Henri had set a trap. Soames hadn’t expected him until the following morning. He had a hidden camera taping them. He waited until they were through. Then, according to what he told Sarah later that night, he strolled into the room and ordered Soames out. She got dressed without a word. She said she would give her address to Sarah, so that she could send her clothes. Henri nodded his assent. Soames wished him a Merry Christmas. Then she drove off with the preacher.
The name (Averill Sayres) was printed in tremulous black ballpoint on the margin.
Leona took a moment to absorb it. Or at least some of it. Soames and Averill had had an affair. So why all her trips to the cemetery to put fresh flower arrangements on Henri’s grave once or twice a week? If Henri Churchill hadn’t died … Then she remembered something. No, it was too obvious. She was mistaken.
“How long after all this was it before Henri Churchill died?”

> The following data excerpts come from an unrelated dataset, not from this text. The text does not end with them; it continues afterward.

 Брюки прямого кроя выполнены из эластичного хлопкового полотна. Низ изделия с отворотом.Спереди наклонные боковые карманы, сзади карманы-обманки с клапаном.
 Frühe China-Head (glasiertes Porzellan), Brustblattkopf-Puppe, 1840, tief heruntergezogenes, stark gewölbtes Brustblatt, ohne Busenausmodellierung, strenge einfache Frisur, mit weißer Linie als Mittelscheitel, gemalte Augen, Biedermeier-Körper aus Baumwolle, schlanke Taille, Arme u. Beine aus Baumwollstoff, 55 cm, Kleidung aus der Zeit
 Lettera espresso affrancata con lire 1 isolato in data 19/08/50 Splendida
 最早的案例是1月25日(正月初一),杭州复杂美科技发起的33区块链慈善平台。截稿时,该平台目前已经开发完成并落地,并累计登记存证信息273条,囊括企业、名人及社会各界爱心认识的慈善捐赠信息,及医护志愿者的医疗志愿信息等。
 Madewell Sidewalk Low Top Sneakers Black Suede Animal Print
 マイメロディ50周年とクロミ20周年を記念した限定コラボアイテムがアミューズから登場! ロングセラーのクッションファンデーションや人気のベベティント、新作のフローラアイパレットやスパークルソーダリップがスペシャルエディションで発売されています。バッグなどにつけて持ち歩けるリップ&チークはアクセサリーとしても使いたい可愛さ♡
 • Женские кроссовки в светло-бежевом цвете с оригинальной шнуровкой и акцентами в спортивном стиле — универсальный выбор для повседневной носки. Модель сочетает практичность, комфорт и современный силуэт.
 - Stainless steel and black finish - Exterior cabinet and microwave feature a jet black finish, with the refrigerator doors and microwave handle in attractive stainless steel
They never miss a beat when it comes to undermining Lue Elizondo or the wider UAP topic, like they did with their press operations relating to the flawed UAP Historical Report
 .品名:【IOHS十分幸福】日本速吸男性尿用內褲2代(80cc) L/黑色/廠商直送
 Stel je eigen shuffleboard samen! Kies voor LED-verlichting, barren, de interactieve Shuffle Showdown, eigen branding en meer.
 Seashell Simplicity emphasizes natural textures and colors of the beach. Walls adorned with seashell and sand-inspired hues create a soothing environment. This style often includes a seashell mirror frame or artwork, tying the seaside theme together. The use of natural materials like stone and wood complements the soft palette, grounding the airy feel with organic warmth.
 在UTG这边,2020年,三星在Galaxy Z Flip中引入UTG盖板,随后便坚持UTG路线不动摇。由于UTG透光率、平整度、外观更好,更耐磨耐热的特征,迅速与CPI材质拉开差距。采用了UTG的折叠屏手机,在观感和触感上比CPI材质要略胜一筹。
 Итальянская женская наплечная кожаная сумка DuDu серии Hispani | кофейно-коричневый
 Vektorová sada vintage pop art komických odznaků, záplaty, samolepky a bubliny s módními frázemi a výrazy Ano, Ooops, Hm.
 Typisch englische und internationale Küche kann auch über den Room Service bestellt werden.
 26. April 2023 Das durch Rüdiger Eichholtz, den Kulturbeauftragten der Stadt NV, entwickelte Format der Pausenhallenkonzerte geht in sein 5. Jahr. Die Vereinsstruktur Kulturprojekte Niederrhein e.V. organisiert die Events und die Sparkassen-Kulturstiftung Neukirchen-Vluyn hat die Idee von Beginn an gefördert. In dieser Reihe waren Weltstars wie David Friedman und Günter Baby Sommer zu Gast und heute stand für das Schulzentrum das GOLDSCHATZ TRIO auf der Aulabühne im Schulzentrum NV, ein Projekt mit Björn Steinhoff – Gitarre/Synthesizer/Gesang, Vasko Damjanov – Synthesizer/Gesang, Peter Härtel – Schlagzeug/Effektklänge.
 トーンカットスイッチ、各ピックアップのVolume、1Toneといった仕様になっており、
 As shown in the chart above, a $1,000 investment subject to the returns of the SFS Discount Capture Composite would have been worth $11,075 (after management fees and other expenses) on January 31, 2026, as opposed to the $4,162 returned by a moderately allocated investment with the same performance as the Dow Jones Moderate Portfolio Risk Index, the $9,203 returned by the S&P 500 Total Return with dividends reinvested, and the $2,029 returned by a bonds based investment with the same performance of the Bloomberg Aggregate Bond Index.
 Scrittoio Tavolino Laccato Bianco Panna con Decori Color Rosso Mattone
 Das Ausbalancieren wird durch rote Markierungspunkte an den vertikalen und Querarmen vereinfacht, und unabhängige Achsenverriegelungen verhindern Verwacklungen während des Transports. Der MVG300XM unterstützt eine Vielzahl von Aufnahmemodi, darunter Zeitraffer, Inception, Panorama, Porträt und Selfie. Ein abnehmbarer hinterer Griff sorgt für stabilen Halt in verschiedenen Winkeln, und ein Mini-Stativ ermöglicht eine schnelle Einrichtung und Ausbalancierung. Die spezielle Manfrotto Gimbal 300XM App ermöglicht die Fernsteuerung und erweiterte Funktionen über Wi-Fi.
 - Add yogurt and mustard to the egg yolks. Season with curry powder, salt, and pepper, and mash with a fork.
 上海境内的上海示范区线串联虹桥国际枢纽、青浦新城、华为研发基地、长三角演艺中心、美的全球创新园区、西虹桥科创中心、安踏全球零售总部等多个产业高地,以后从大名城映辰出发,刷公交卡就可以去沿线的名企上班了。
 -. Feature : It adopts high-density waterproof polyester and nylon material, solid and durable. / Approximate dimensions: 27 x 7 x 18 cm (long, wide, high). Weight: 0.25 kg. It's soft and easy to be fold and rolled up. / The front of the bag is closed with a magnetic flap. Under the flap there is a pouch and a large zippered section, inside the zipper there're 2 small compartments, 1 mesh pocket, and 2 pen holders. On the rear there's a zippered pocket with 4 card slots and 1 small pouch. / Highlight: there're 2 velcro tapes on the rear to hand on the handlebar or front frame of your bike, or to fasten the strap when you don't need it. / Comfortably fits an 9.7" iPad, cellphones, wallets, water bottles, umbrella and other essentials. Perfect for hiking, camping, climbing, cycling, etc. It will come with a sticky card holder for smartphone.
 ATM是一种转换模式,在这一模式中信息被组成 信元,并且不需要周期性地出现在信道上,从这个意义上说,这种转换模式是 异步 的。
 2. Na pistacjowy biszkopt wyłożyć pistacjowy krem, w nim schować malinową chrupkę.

Blue grinned at her just as if any of it was going to make a difference.
“About twelve hours.”
Leona didn’t want to get bogged down in what it had all meant in the past. She kept sifting it for some relevance to her current situation. Blue was acting like there was.
“What’s it give us, Blue?”
“Us? Nothing.”
Her heart went to her shoes. This was infuriating. Blue was spinning nonsense and she was buying into it. She had to knock him back to his senses. She hated him so much in that moment that she could hardly stand to look at him. He kept up his annoying grin. The longer he held on to his toothy Pepsodent smile, the more Leona was convinced of the recent and direct link between humans and apes.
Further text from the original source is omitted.